### TASK BRIEF:
The answer should be the records below, word for word, with every image left out.

======== EXERCISE INPUTS

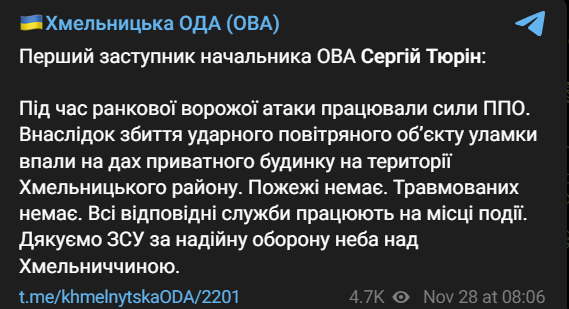 "Во время утренней вражеской атаки работали силы ПВО. В результате сбития ударного воздушного объекта обломки упали на крышу частного дома на территории Хмельницкого района. Пожара нет. Травмированных нет", - написал он.
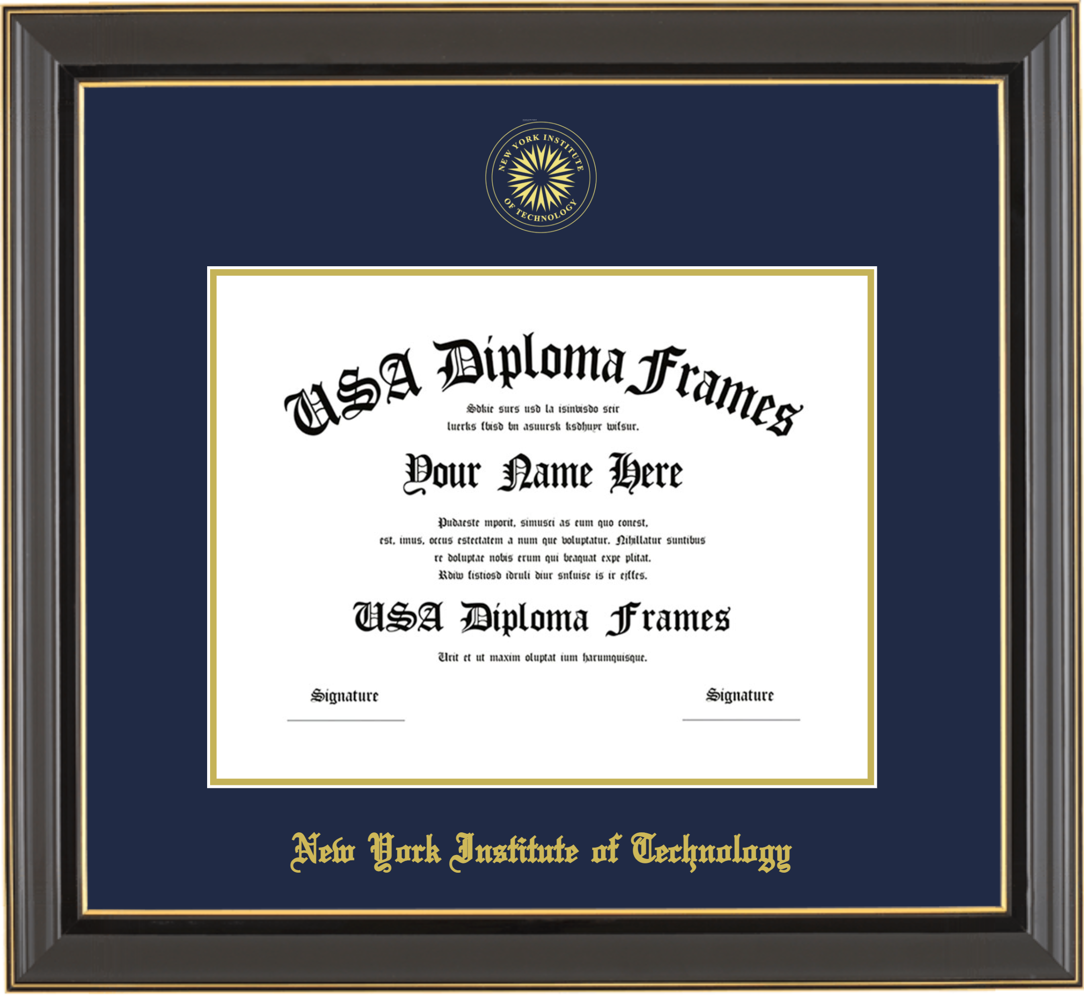 New York Institute of Technology – Single Horizontal Document ( 8 1/2″x11″ ) – Black Gold Trim Glossy – Navy Mat – Gold Accent Mat – With Seal(University Seal Gold) – With Gold Embossing (New York Institute of Technology)
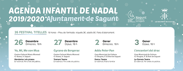 Durant les festes nadalenques el Centre Cultural Mario Monreal i la Casa Municipal de Cultura acolliran el 26 Festival de Titelles amb espectacles per a tots els públics i en valencià. El dimecres 26 de desembre, la companyia Mandarina i els pirates posaran en escena Yo, Mi, Me con Mua i el dijous 27 de desembre Cyrano de Bergerac a càrrec de la companyia Tramant Teatre, els dos espectacles a Sagunt.
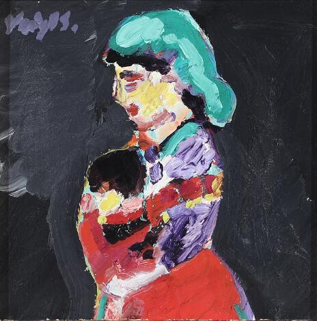 2549/836Hans Voigt Steffensen: "Zigeunerpige med barn'", 1977. Signed. Oil on canvas laid on board. 20 x 20 cm.
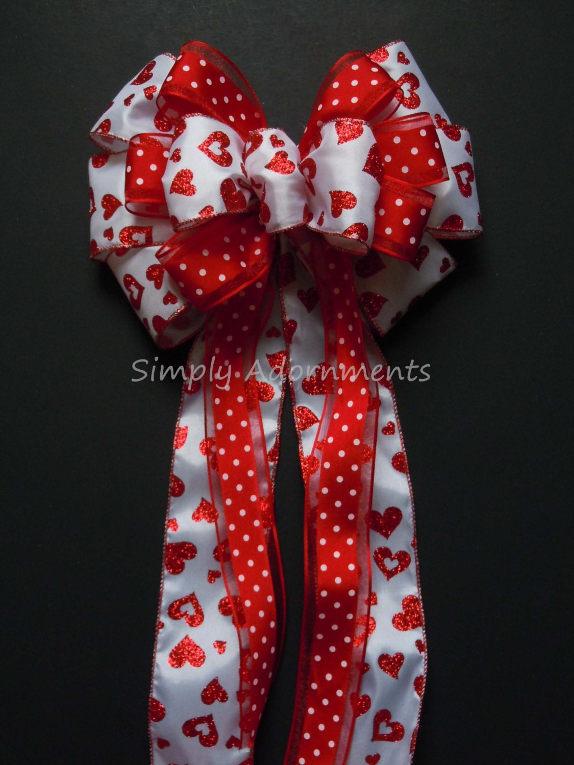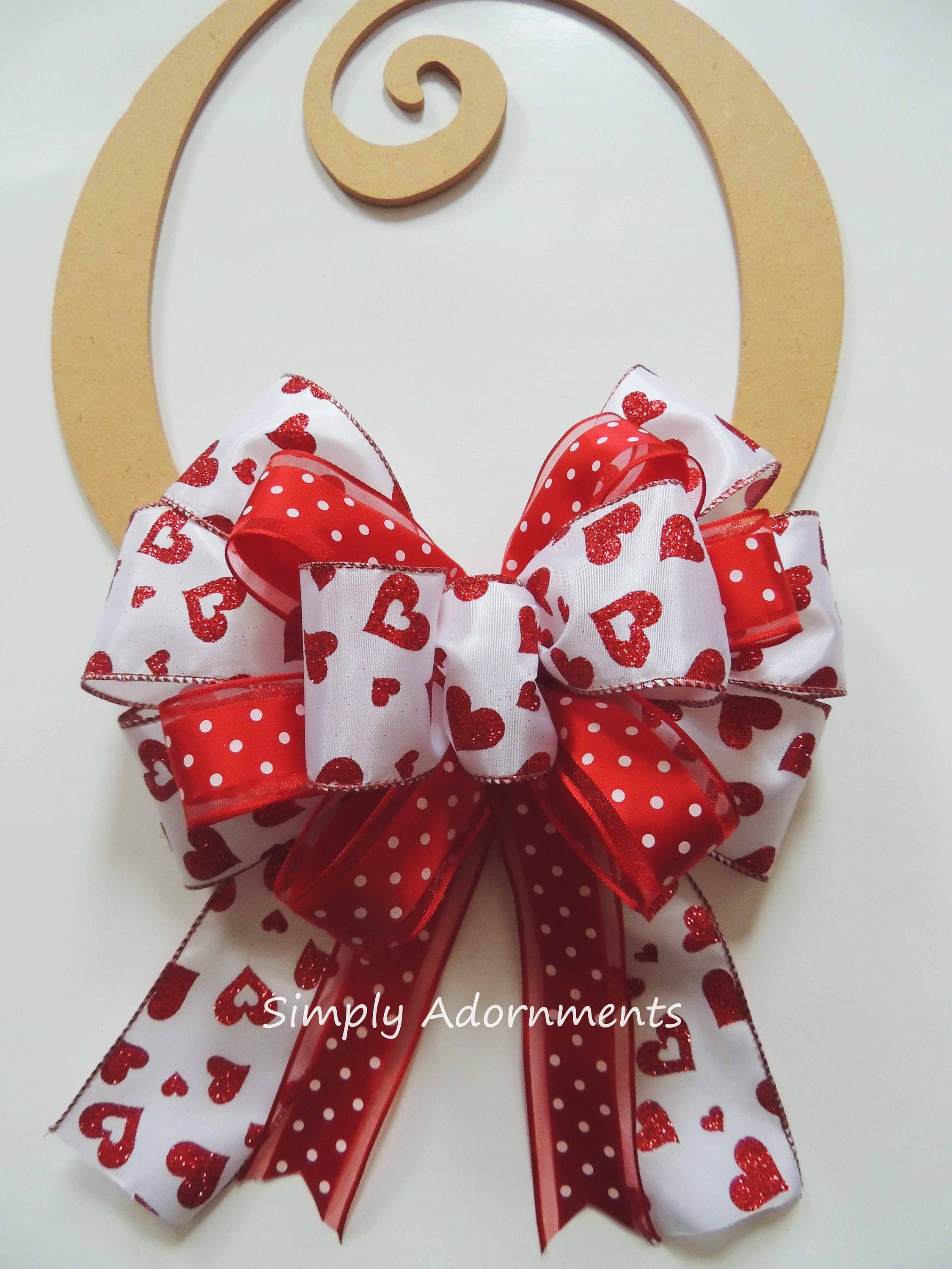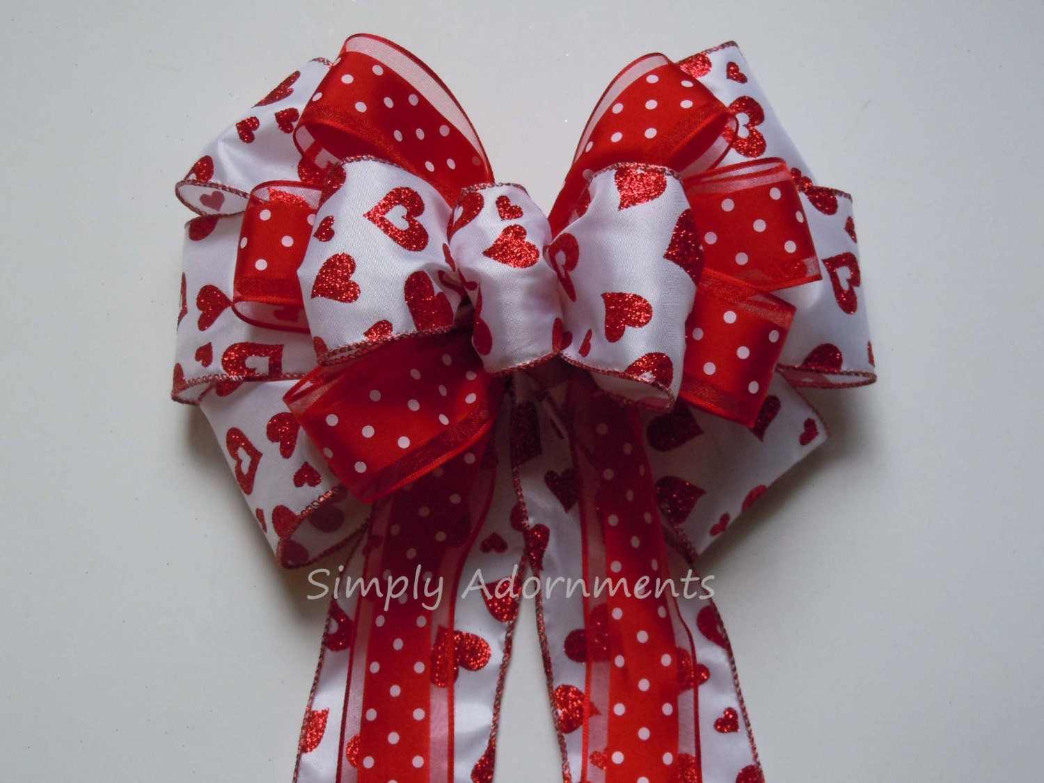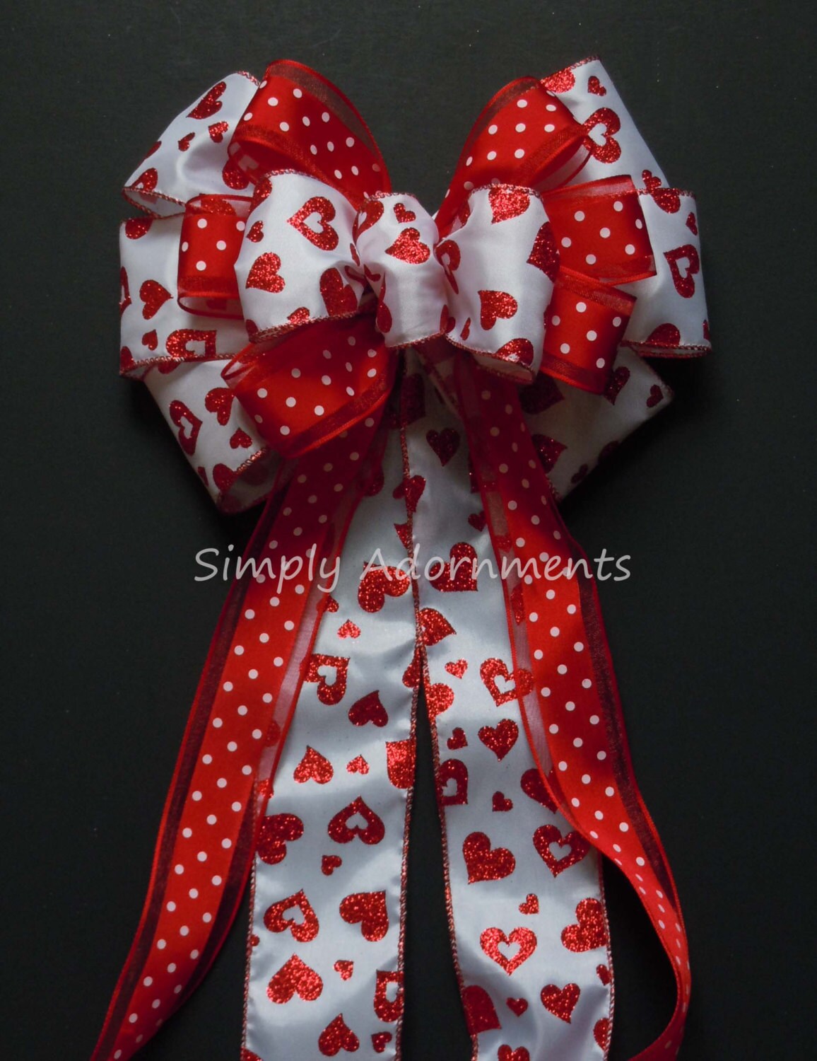 Valentine Red Heart Bow, Red Heart Wreath bow, Glitter Red Heart Valentine Bow, Red Valentine Heart Wreath Bow, Red Valentine Gift Bow.

================

### EXERCISE OUTPUT:
 "Во время утренней вражеской атаки работали силы ПВО. В результате сбития ударного воздушного объекта обломки упали на крышу частного дома на территории Хмельницкого района. Пожара нет. Травмированных нет", - написал он.
 New York Institute of Technology – Single Horizontal Document ( 8 1/2″x11″ ) – Black Gold Trim Glossy – Navy Mat – Gold Accent Mat – With Seal(University Seal Gold) – With Gold Embossing (New York Institute of Technology)
 Durant les festes nadalenques el Centre Cultural Mario Monreal i la Casa Municipal de Cultura acolliran el 26 Festival de Titelles amb espectacles per a tots els públics i en valencià. El dimecres 26 de desembre, la companyia Mandarina i els pirates posaran en escena Yo, Mi, Me con Mua i el dijous 27 de desembre Cyrano de Bergerac a càrrec de la companyia Tramant Teatre, els dos espectacles a Sagunt.
 2549/836Hans Voigt Steffensen: "Zigeunerpige med barn'", 1977. Signed. Oil on canvas laid on board. 20 x 20 cm.
 Valentine Red Heart Bow, Red Heart Wreath bow, Glitter Red Heart Valentine Bow, Red Valentine Heart Wreath Bow, Red Valentine Gift Bow.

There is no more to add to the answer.